Exercise data Block Start

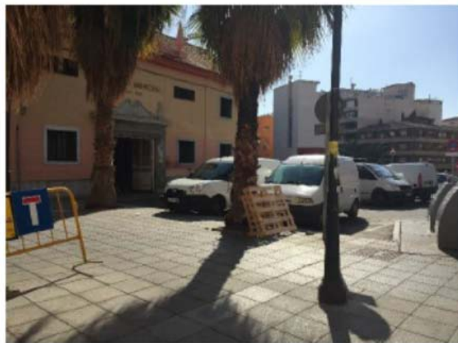
Antes de ejecutar actuación A.4.1a)
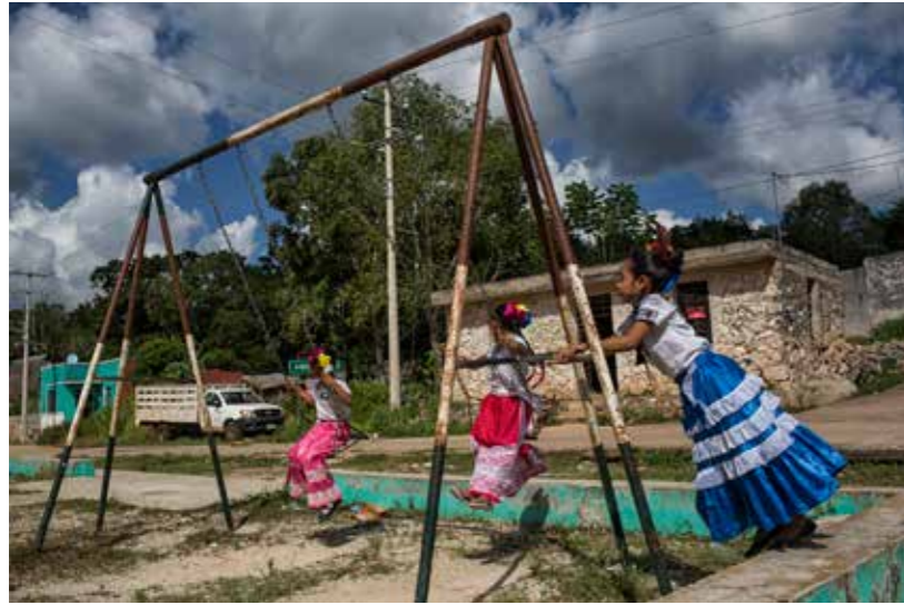
Et dolorio rehendum nonsequis aut eaque magnis eum hicilnihil inti solorro repratam veles sit ipsam rem repra nulluptae di nis niti acil

erchicium ventis quatetum fugitint volut abor aliquamus ma derum invel est laborae sa ate latius in ex eosam, corendi dolum harundis autem iumqui cumquodictur sit, sum quo venisqui officitiunt, od magnata dollam volorum tempus explam, consequam, vercia
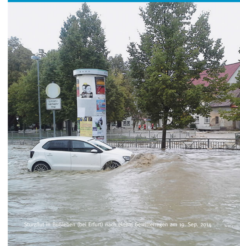
Sturzflut in Büßleben (bei Erfurt) nach einem Gewitterregen am 19. Sep. 2014

Exercise data Block End

• [Your instructions]: Restate the whole listing word for word. Omit the pictures.

• [Answer to the problem]:
Antes de ejecutar actuación A.4.1a)
Et dolorio rehendum nonsequis aut eaque magnis eum hicilnihil inti solorro repratam veles sit ipsam rem repra nulluptae di nis niti acil

erchicium ventis quatetum fugitint volut abor aliquamus ma derum invel est laborae sa ate latius in ex eosam, corendi dolum harundis autem iumqui cumquodictur sit, sum quo venisqui officitiunt, od magnata dollam volorum tempus explam, consequam, vercia
Sturzflut in Büßleben (bei Erfurt) nach einem Gewitterregen am 19. Sep. 2014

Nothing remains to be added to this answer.